Supplied data -
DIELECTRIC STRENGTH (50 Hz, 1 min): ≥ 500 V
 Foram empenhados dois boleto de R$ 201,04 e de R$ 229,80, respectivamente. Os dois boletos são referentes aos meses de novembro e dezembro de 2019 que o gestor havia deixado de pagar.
---
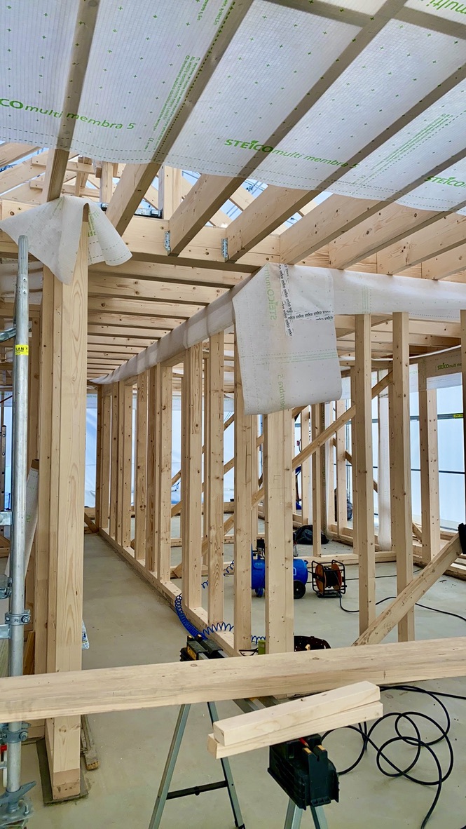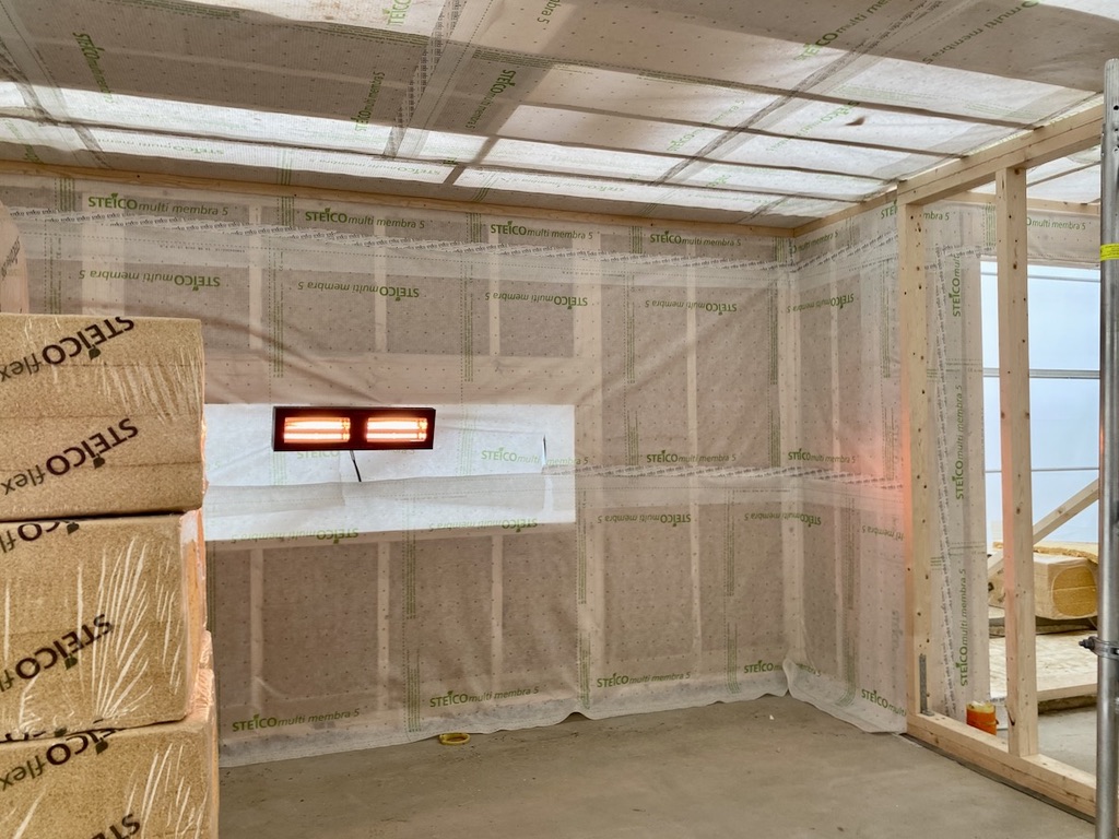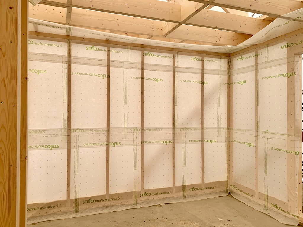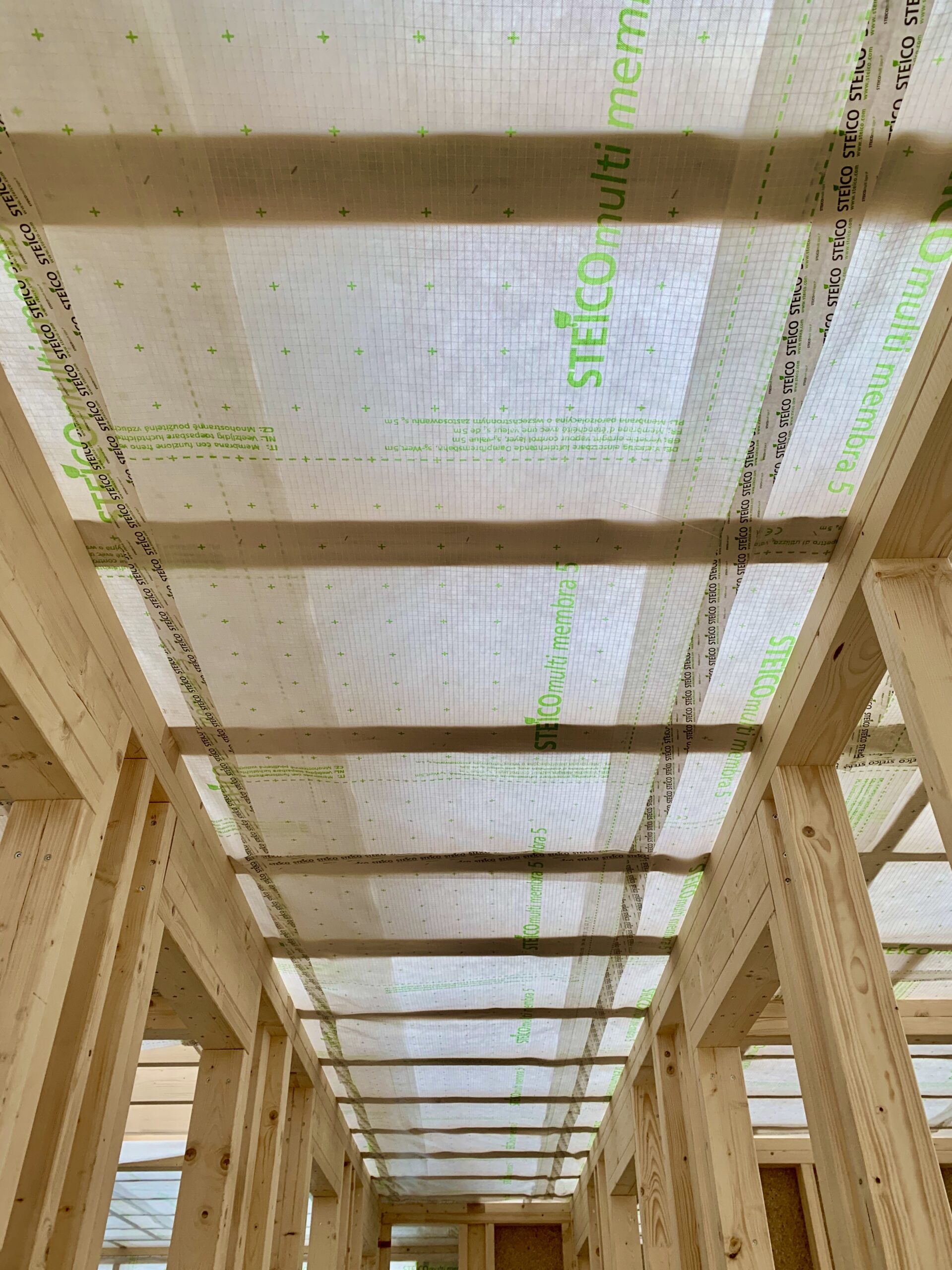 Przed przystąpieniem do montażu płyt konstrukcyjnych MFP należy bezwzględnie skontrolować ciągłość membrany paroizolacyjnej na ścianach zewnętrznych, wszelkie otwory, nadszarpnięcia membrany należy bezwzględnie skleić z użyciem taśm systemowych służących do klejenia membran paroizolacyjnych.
--
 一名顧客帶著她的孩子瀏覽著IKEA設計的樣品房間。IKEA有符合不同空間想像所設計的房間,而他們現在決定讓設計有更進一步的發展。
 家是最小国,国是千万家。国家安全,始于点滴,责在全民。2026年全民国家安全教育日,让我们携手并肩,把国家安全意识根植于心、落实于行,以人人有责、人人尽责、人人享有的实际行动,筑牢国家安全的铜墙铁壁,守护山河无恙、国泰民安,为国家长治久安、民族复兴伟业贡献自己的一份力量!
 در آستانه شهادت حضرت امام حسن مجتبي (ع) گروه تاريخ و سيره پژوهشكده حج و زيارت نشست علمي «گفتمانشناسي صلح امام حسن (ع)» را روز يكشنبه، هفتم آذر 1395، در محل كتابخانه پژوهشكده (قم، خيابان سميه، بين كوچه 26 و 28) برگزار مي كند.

Action item -
Please copy the lines in the records above between the one holding "DIELECTRIC STRENGTH (50 Hz, 1 min): ≥ 500 V" and the one holding "Foram empenhados dois", inclusive, exactly and with no other line.

Solution for this problem -
DIELECTRIC STRENGTH (50 Hz, 1 min): ≥ 500 V
 Foram empenhados dois boleto de R$ 201,04 e de R$ 229,80, respectivamente. Os dois boletos são referentes aos meses de novembro e dezembro de 2019 que o gestor havia deixado de pagar.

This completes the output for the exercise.